1949 bekam er seine ersten Aufträge von der amerikanischen Tageszeitung für Deutschland, für Die Neue Zeitung. Von 1957 bis 1971 lieferte er mehr als 3.000 Zeichnungen an die Zeit – unter anderem zur Illustration der Kolumne „Pro & Contra“ von Rudolf Walter Leonhardt. Seine Zeichnungen und politischen Karikaturen veröffentlichten auch internationale Medien wie The Times, Du, Dagens Nyheter oder The Observer.

„Als Karikaturist sah Flora“, so der Literaturwissenschaftler Sigurd Paul Scheichl, „das Groteske im öffentlichen Leben – und er zeichnet es.

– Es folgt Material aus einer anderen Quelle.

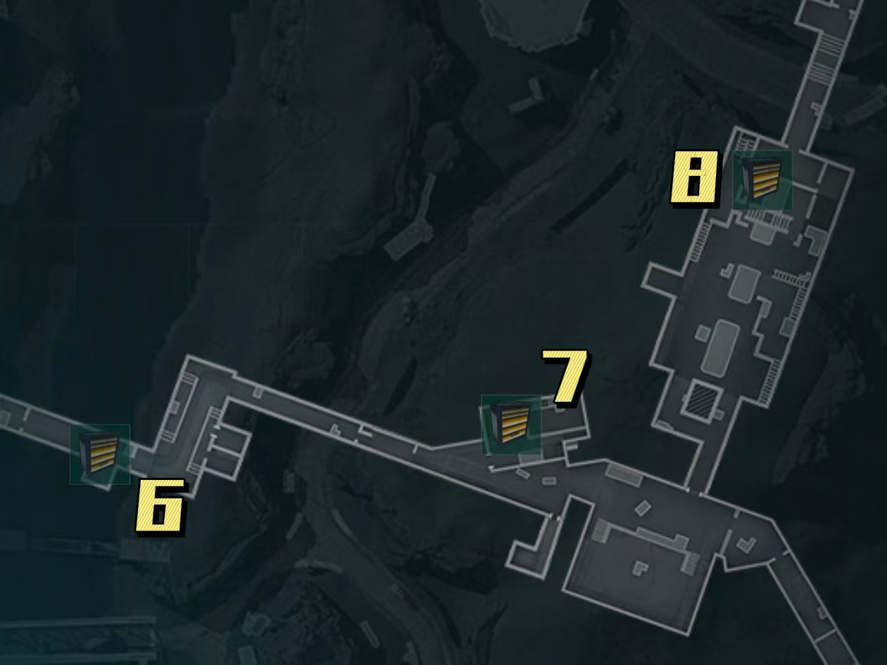 摸完5号工具柜点位之后我们可以直接走地下通道,看到墙上的带有红色阿萨拉标志的灰色破布时就可以沿着楼梯向下走,再顺着滑索过去就能看到6号工具柜了;7号工具柜有些难寻找,大家来到地图标注出来的位置之后,推开铁门进入房间内能看到是红色的墙壁,然后贴着墙壁一直走下楼梯到底层,转身能看到一个红色集装箱,7号工具柜就在集装箱旁边;8号工具柜需要刷卡才能获取到(水淹大坝无需刷卡,且模式不会影响工具柜位置,都在地图标注地点三楼红色大型管道旁边)。

Lachend, nicht vor Wut schäumend.“ Marion Gräfin Dönhoff erinnerte sich so: „Als Karikaturist stand er immer augenzwinkernd und ein wenig amüsiert außerhalb – so ein bisschen wie der liebe Gott.“ Friedrich Dürrenmatt bezeichnete ihn als „den Denker und Grübler unter den Karikaturisten“. Wobei festzuhalten bleibt, dass sich Flora nicht nur als Karikaturist verstand, sondern vor allem als Zeichner wahrgenommen werden wollte. Erich Kästner sah in ihm gar einen „Bilderschriftsteller“: Flora schreibt seine Linien so zart und zärtlich aufs Papier, als habe er Angst ihm weh zu tun. Und wo er nur irgend kann, lässt er das unbeschriebene, unverletzte Weiß aufs effektvollste mitwirken Andere Zeichner mögen hassen, anklagen und verachten oder sich und ihre Tusche vor Lachen ausschütten - Paul Floras Linien lächeln.“

Vielleicht darum hat Paul Flora auch zahlreiche Bücher illustriert, besonders für den Diogenes-Verlag in Zürich, Bücher von Peter Hacks, Wolfgang Hildesheimer, Erich Kästner oder Josef Müller-Marein. Seit 1999 war er Mitglied im P.E.N.-Club Liechtenstein und wurde dessen Ehrenpräsident. Bleiben noch seine Bühnenbilder zu erwähnen, etwa fürs Wiener Akademietheater und das Deutsche Schauspielhaus in Hamburg.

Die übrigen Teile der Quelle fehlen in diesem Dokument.